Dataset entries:
-------------------------
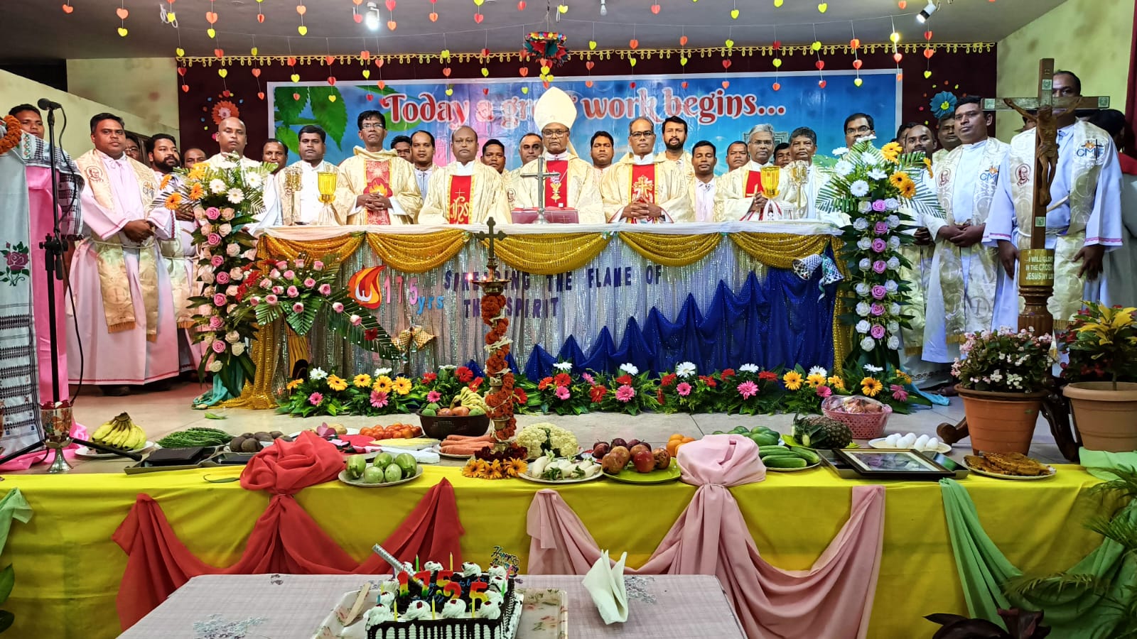 आर्च बिशप फेलिक्स टोप्पो एस जे कानीजाड़ी में नवनिर्मित ख्रीस्त राजा गिरजाघर की अशीष और उद्घाटन किया
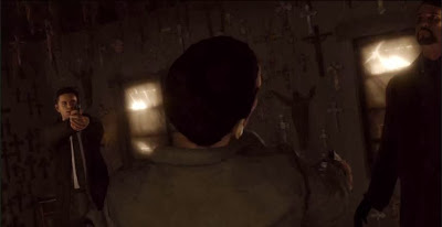 | I reacted to Nathaniel's sudden move after he surrendered and shot him. Turns out he was just pulling out a cross, and I regretted not keeping my cool. It's this scene.
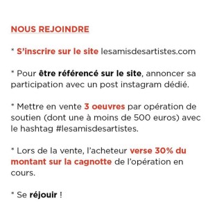 Le principe est simple : les artistes mettent en vente une sélection de trois œuvres avec le hashtag #lesamisdesartistes
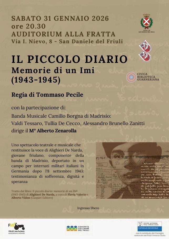 Sabato 31 gennaio 2026, alle ore 20.30, si terrà uno spettacolo unico che unisce teatro e musica: “Il piccolo diario – Memorie di un IMI (1943-1945)”, con la regia di Tommaso Pecile, presso l’Auditorium Alla Fratta di San Daniele del Friuli (Via I. Nievo, 8).
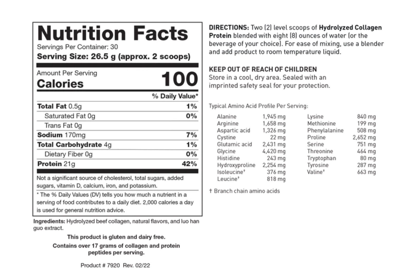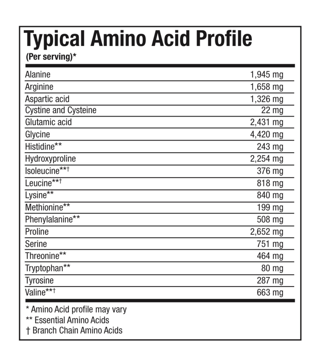 Этот протеиновый порошок содержит 21 грамм белка на порцию, а также пептиды коллагена типов I, II и III. Основная структура коллагена представляет собой тройную спираль, состоящую из трех альфа-цепочек, состоящих в основном из глицина, пролина и гидроксипролина. Различия в типах коллагена обусловлены особым расположением аминокислот в альфа-нитях, образующих тройную спираль. Коллаген I типа часто встречается в коже, костях, сухожилиях, связках, сосудистых перевязках и органах. Тип II содержится в основном в хрящах. Тип III чаще всего встречается в тканях с эластичными свойствами и в волокнистом белке в костях, хрящах, сухожилиях и других соединительных тканях.
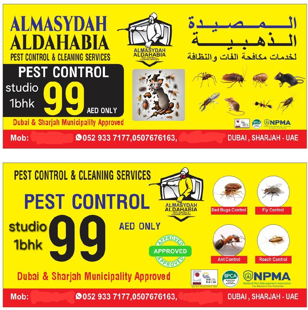 Pest Control Service prices (Studio AED99) 1bhk AED99) 2bhk AED150) 3bhk AED150) Townhouse inside and outside spray + gel AED300 Villa inside and outside spray + gel AED400
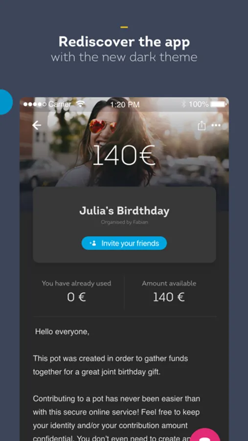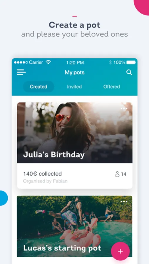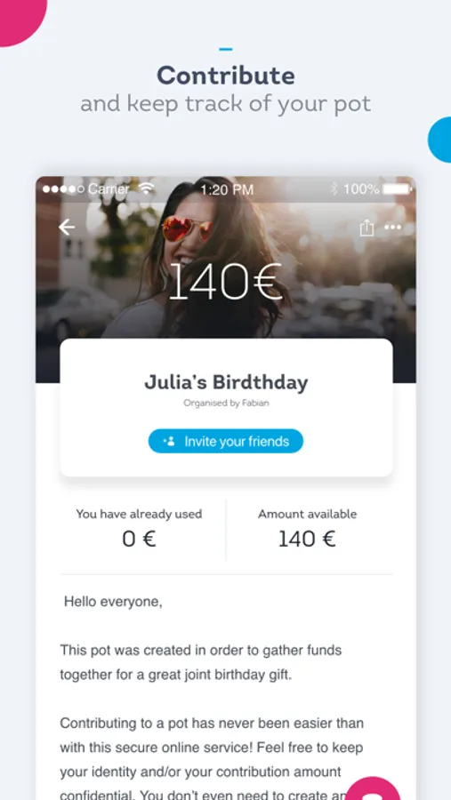 A group gift, a birthday, a farewell, a bachelor party, a weekend with friends, or other events for which "Le Pot Commun" can help you collect the contributions.
-------------------------
WORK TO BE COMPLETED: Exact lines, nothing more: output the one with "Этот протеиновый порошок" and every later line through the end of the data, skipping pictures.

SOLUTION FOR THIS EXERCISE:
 Этот протеиновый порошок содержит 21 грамм белка на порцию, а также пептиды коллагена типов I, II и III. Основная структура коллагена представляет собой тройную спираль, состоящую из трех альфа-цепочек, состоящих в основном из глицина, пролина и гидроксипролина. Различия в типах коллагена обусловлены особым расположением аминокислот в альфа-нитях, образующих тройную спираль. Коллаген I типа часто встречается в коже, костях, сухожилиях, связках, сосудистых перевязках и органах. Тип II содержится в основном в хрящах. Тип III чаще всего встречается в тканях с эластичными свойствами и в волокнистом белке в костях, хрящах, сухожилиях и других соединительных тканях.
 Pest Control Service prices (Studio AED99) 1bhk AED99) 2bhk AED150) 3bhk AED150) Townhouse inside and outside spray + gel AED300 Villa inside and outside spray + gel AED400
 A group gift, a birthday, a farewell, a bachelor party, a weekend with friends, or other events for which "Le Pot Commun" can help you collect the contributions.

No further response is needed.